Esa posición la volvió a manifestar cuando montó en cólera al enterarse de que para dar cobijo a los muchos inmigrantes que llegaron aquel año terrible de la pandemia, el Gobierno se vio obligado a contratar hoteles -cerrados por la falta de turistas- para que aquellas personas no se quedaran en la calle tras abandonar el puerto de Arguineguín.
En noviembre de 2020 dio un ultimátum tanto a los hoteleros como al Gobierno para que sacaran de su municipio a esas personas con la amenaza directa de sancionar a las empresas con fuertes multas por dañar la imagen turística de su municipio, en aquellos momentos con todas las camas disponibles por razones obvias.
Como dato curioso, la rueda de prensa que convocó para informar al mundo de su decisión de perseguir a quienes alojaran inmigrantes, se celebró dos meses después de haber sido detenida por la Guardia Civil por la presunta trama de compra de votos en las elecciones municipales de 2015 y 2019, que por supuesto ganó. La alcaldesa vinculó su detención y la operación de la Guardia Civil a “la defensa de los derechos humanos” que ella hacía desde su cargo y sus críticas a la política migratoria del Gobierno español.
Sus actuaciones contra el alojamiento a inmigrantes la condujo incluso a convocar a la ciudadanía moganera a manifestarse frente a esos hoteles para coaccionar a sus propietarios. Cuando se dio cuenta de su desatino dijo que, en realidad, aquella manifestación, que se celebró el 27 de noviembre de 2020, el año de la pandemia, fue convocada por una supuesta plataforma vecinal que actuó espontáneamente en respuesta al rechazo de su alcaldesa a los inmigrantes en el municipio.

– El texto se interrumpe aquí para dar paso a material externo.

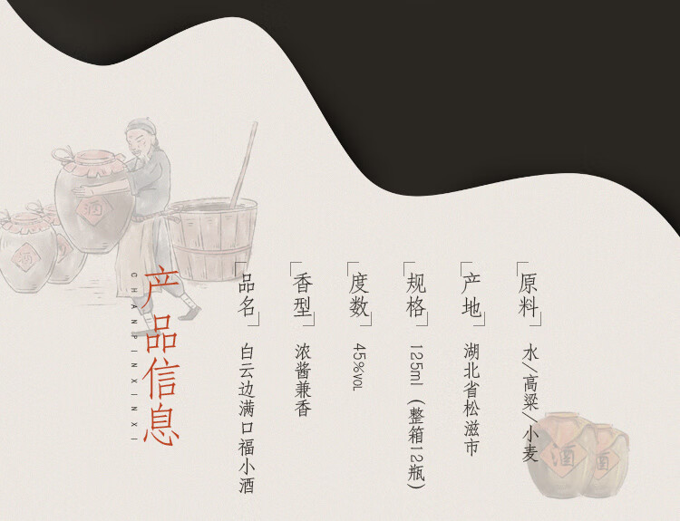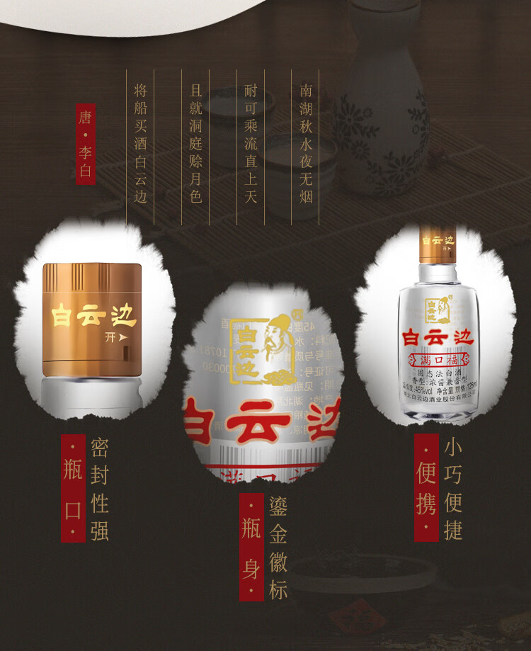 白云边 满口福 浓酱兼香型白酒 45度 125ml 单瓶装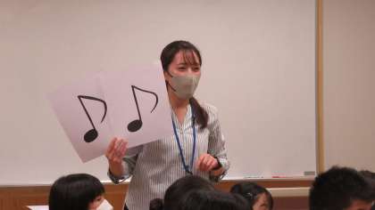7月21日(金)小中連携「月岡小出前授業」(その2) 公開日 2023/07/24 更新日 2023/07/24 学び合い認め合う学習 小学校6年生、中学校音楽科教員による体験授業の様子です。今日は、リズムを身体全体を使って表現する学習をしました。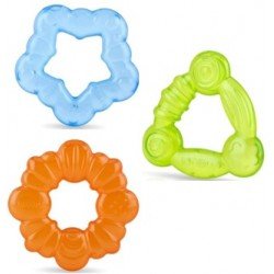 Nuby 歯固め それぞれの中に水が入っているので、冷蔵庫でひやすと、冷たくなります。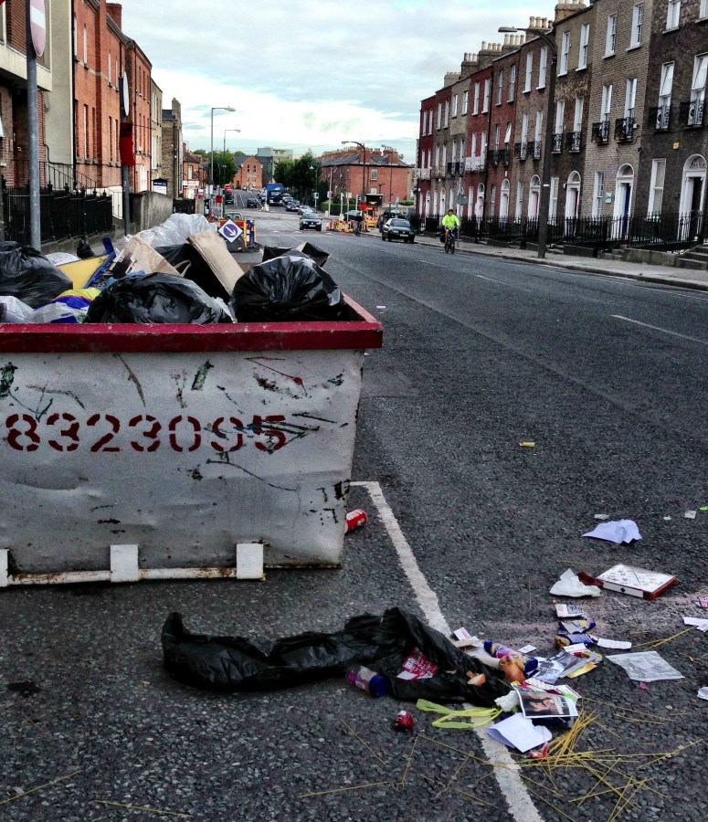 Skip overflowing w domestic waste -> 39 Belvedere Pl, D1. Aug 06 2013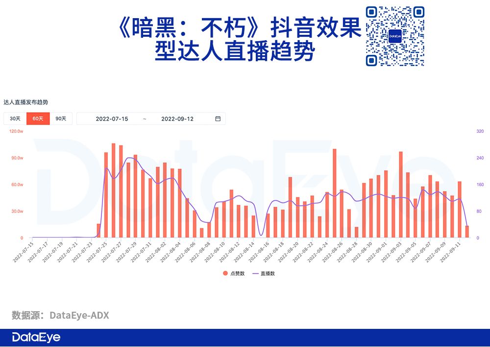 与达人视频营销浅尝辄止不同的是:在效果型达人营销方面,《暗黑:不朽》始终保持一定量的投入。DataEye-ADX数据显示:7月23号以来,《暗黑:不朽》就持续推进达人直播。近30天,抖音达人直播次数维持每天50-150场,力度中等、持续坚持,但波动较大。按照直播场次算《暗黑:不朽》位列抖音达人直播榜第30位,按最高在线人数算则排到47位。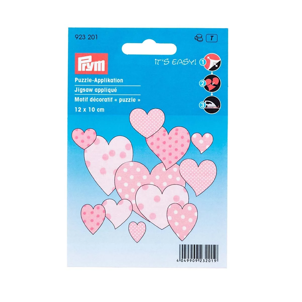 Термоаппликация,в виде пазла из розовых сердечек. Аппликации на клеевой основе, являются отличной альтернативой вышивке. Используются для украшения взрослой и детской одежды: футболок, толстовок, джинсовых курток, шапок, кепок и др. Применяется в качестве модных аппликаций для аксессуаров: сумок, рюкзаков, чехлов для телефона и многих других вещей. Подойдет для маскировки поврежденных участков на ткани. Прикрепляются с помощью горячего утюга, при необходимости, заплатку можно усилить ручной или машинной строчкой.Чтобы не повредить рисунок, проглаживайте аппликацию через тонкую х/б ткань. Ежедневно используя продукцию Prym, Вы ощутите заботу компании о Вашем комфорте и удобстве. Воплощайте любую Вашу творческую идею с безупречным материалом Prym!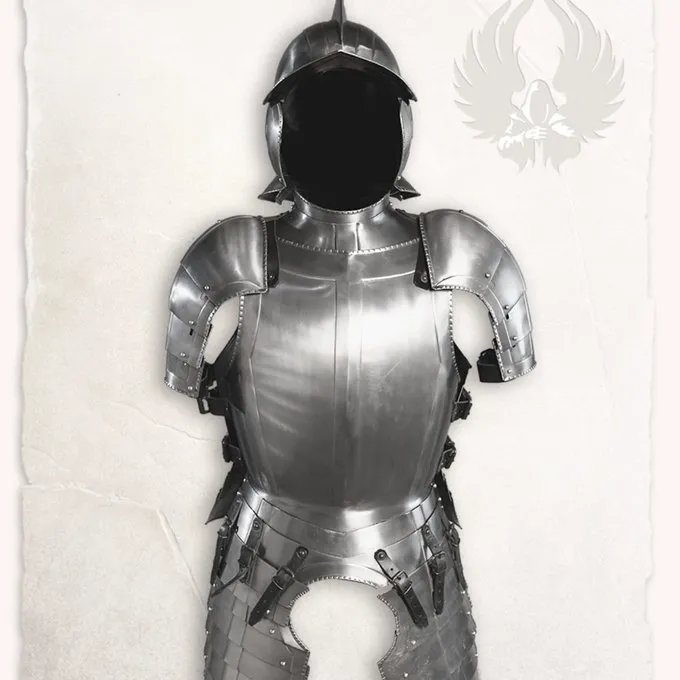 Denne halvleg rustning er lavet efter det 16. 17. århundrede originaler. Ryttere især havde denne type halv rustning. De var bevæbnet med rapiers, sabler, lanser og wheellock pistoler. Armor som dette blev båret under belejringen Malta i 1565, i løbet af de Firsårskrigen og Slaget ved Grolle, i løbet af de Trediveårskrigen og naturligvis i Tudor England. Undertiden denne type rustning blev forsynet med arm og ben rustning og bærerens ombyttet sit burgunderhjelm for en armet. På denne måde kan du tilpasse rustning for stærkt pansrede chok tropper. Denne halvleg rustning består af Pauldrons, Gorget, tassets og burgunderhjelm. Denne sele kan godt tilpasses størrelse.

Los gritos proferidos en aquella manifestación contra las personas migrantes fueron propios de un pueblo racista y xenófobo, contrario a los más básicos principios cristianos. Parte de ese mismo pueblo acudirá ferviente a recibir a Su Santidad, seguro.
No pagar ni los entierros
Por no quererlos, Onalia Bueno no quería a los inmigrantes ni siquiera muertos. En septiembre de 2023 dijo que su Ayuntamiento no iba asumir ni un enterramiento más porque, a su entender, al haber muerto en el mar, debía ser el Estado el que asumiera los costes y la búsqueda de nichos disponibles, que los suyos eran para sus vecinos. El reglamento de Política Sanitaria Mortuoria establece que deben ser los ayuntamientos los que se hagan cargo de los gastos de los entierros por beneficencia de las personas sin recursos fallecidas dentro de su término municipal. El coste por enterramiento iba de 600 a 1.000 euros, y por ahí no quería pasar tampoco la alcaldesa.
La prioridad española referida también a los nichos.
La visión del fenómeno de la inmigración que tiene la alcaldesa que va a recibir con una genuflexión al Papa se asemeja mucho al de Donald Trump, en Estados Unidos, y a la de Vox, en España, justo los modelos que rechaza León XIV y que están en el origen de elegir Canarias como una de las estaciones de su visita a España. Quizás hubiera sido más acertado el muelle de La Restinga, en El Hierro, que ha sufrido similar presión humana y asistencial y cuyas autoridades y ciudadanía han respondido de una manera mucho más civilizada que la que ha capitaneado la alcaldesa Onalia Bueno.